The management of the Non-CMP Token fund would be ordinarily not be subject to any of the MAS’ business and conduct requirements because it is an exempt fund management activity. However, because the VCC requires a MAS-regulated fund manager, the manager will always be subject to the requirements imposed by its license or registration.

An existing fund manager should notify the MAS prior to commencing any new fund management activity as the MAS could impose requirements on such an existing fund manager as part of its prudential supervision over licensed and registered fund managers, including requirements on the maximum percentage of assets under management that are Non-CMP Tokens. (14)

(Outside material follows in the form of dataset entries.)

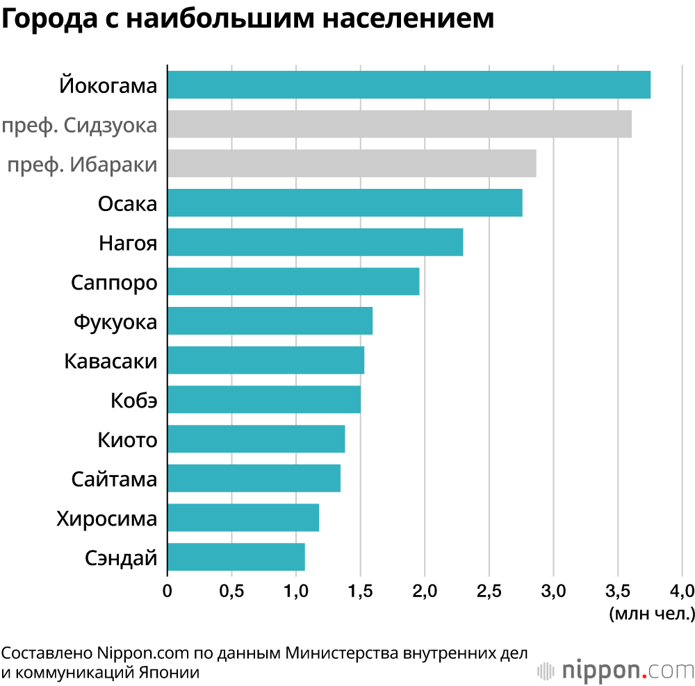 Согласно основанному на данных регистрации жителей демографическому исследованию, опубликованному Министерством внутренних дел и коммуникаций, три города с самой большой численностью населения в Японии по состоянию на 1 января 2024 года – это Йокогама (3 752 969), Осака (2 757 642) и Нагоя (2 297 745). При этом следует отметить, что Токио как административная единица считается особым видом префектуры, а не городом. Население Йокогамы превышало общее население всей префектуры Сидзуока (3 606 469), а город Осака имел почти такое же население, как префектура Ибараки (2 865 690). Всего в Японии насчитывается 11 городов с населением более 1 миллиона человек.
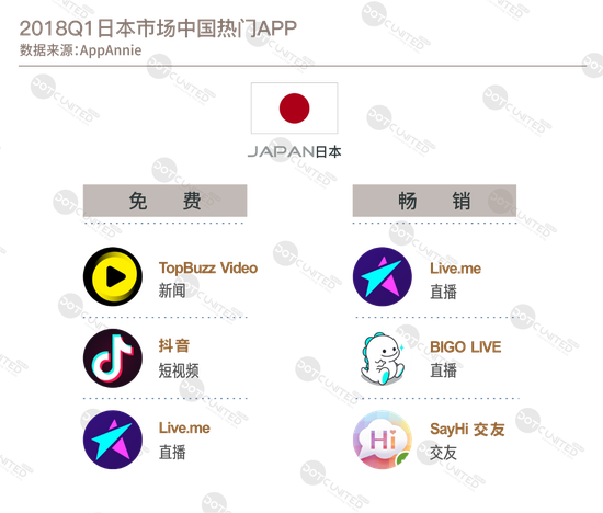 总体来说,2018年第一季度,中国在日本、韩国最受欢迎的产品都可用“视频”两个字概括:日本免费榜首位的Top Buzz Video是今日头条海外版Top Buzz的延伸产品,旨在给用户提供海量个性化视频和GIF;畅销榜首位直播产品Live.me,中国内容出海引领者之一,海外多个地区和国家榜上有名,最早出海美国频传捷报,杀回亚洲市场同样表现不俗,在日本免费榜同样居于前列。韩国免费榜首位的社交短视频抖音,国内短视频新秀,过去一年从国内杀到日韩,来势汹汹;BIGO LIVE,背靠国内直播巨头欢聚时代,东南亚视频社交霸主,在日韩市场同样表现不俗。
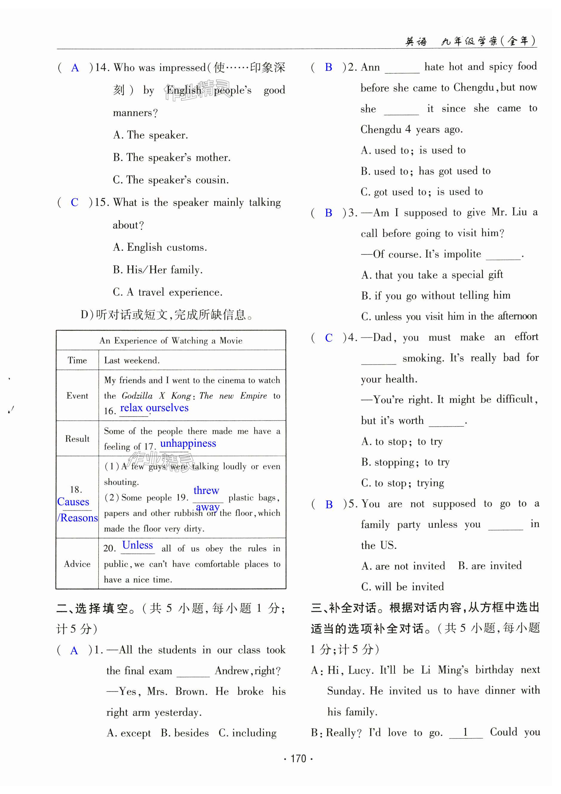 注:目前有些书本章节名称可能整理的还不是很完善,但都是按照顺序排列的,请同学们按照顺序仔细查找。练习册 2024年文科爱好者九年级英语全一册人教版 答案主要是用来给同学们做完题方便对答案用的,请勿直接抄袭。
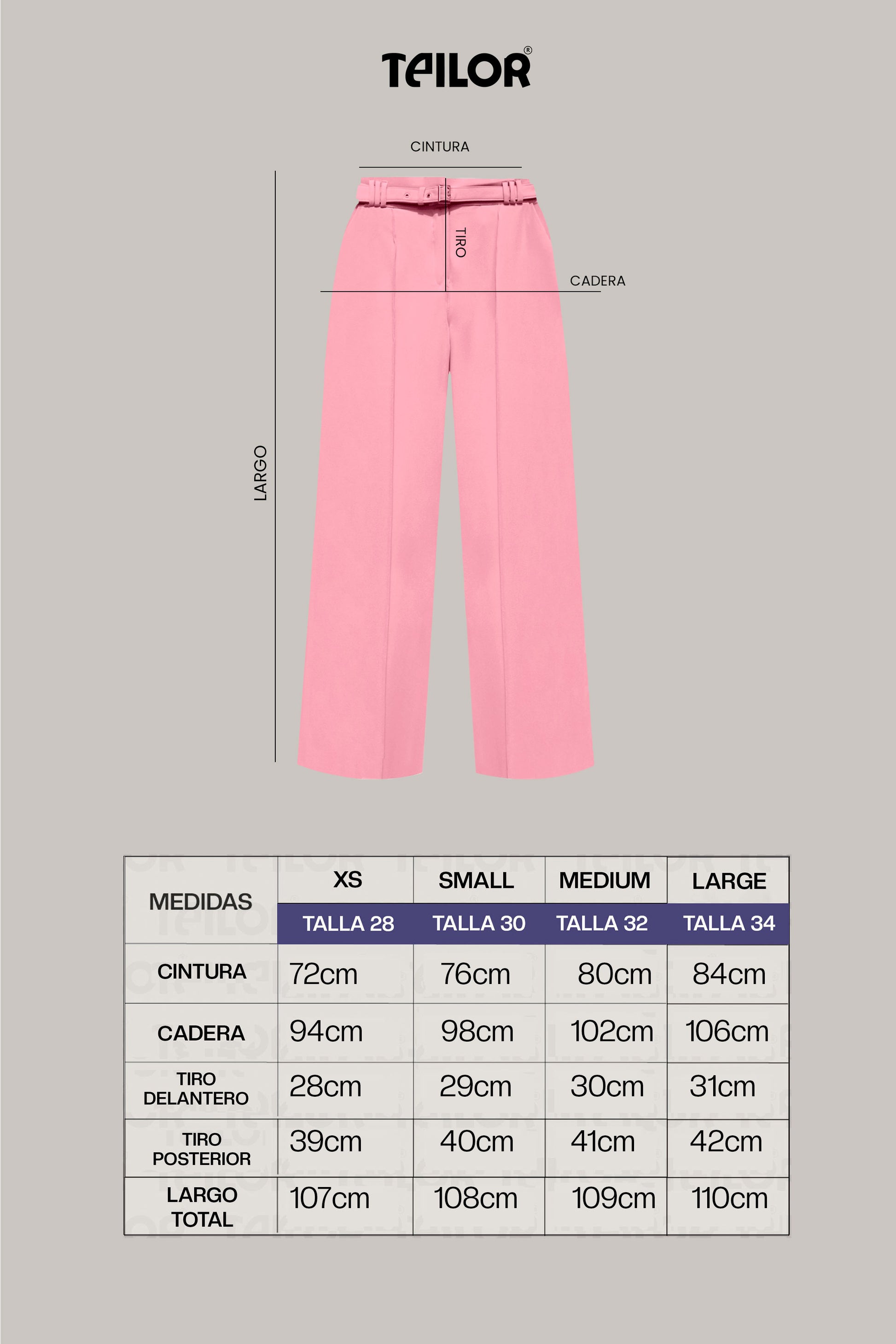 - Es de corte palazzo , con un detalle sutil en la pierna, lo cual da la ilusión de unas piernas más largas y estilizadas.

In Part C of the Proposed Amendments to MAS’ Investigative and Other Powers under the Various Acts published 2 July 2021 (the “Consultation Paper”), the MAS highlighted that unregulated businesses such as offering products that are not regulated by the MAS (e.g. bitcoin futures and other payment token derivatives traded on overseas exchanges) present risks that need to be managed. As a result, the MAS has proposed to introduce a power in the SFA to issue legally-binding directions to regulated financial institutions and their representatives in relation to conducting unregulated business. MAS intends to exercise such powers where it considers it necessary in the public interest or in the interest of the investors.(15) The draft amendments to the SFA are enclosed in Annex D of the Consultation Paper.

LIMITATIONS ON THE OFFER OF A COLLECTIVE SCHEME

The offer of the units of the collective investment scheme (16) (including pursuant to the Basic Structure) must be (i) be accompanied by a MAS-registered prospectus and product highlights sheet and (ii) authorised or recognised by the MAS unless the offer qualifies as an exempted offer (“Exempted Offer”). Exempted Offers are subject to certain conditions, e.g., no advertising and specific disclosures to investors. We recommend that issuers and managers do not reply to press enquiries relating to Exempted Offers in order to adhere to these requirements. Examples of Exempted Offers include:

  • an offer which raises S$5 million or less in 12 months;
  • an offer made to no more than 50 persons in 12 months; or
  • an offer made to Institutional Investors only.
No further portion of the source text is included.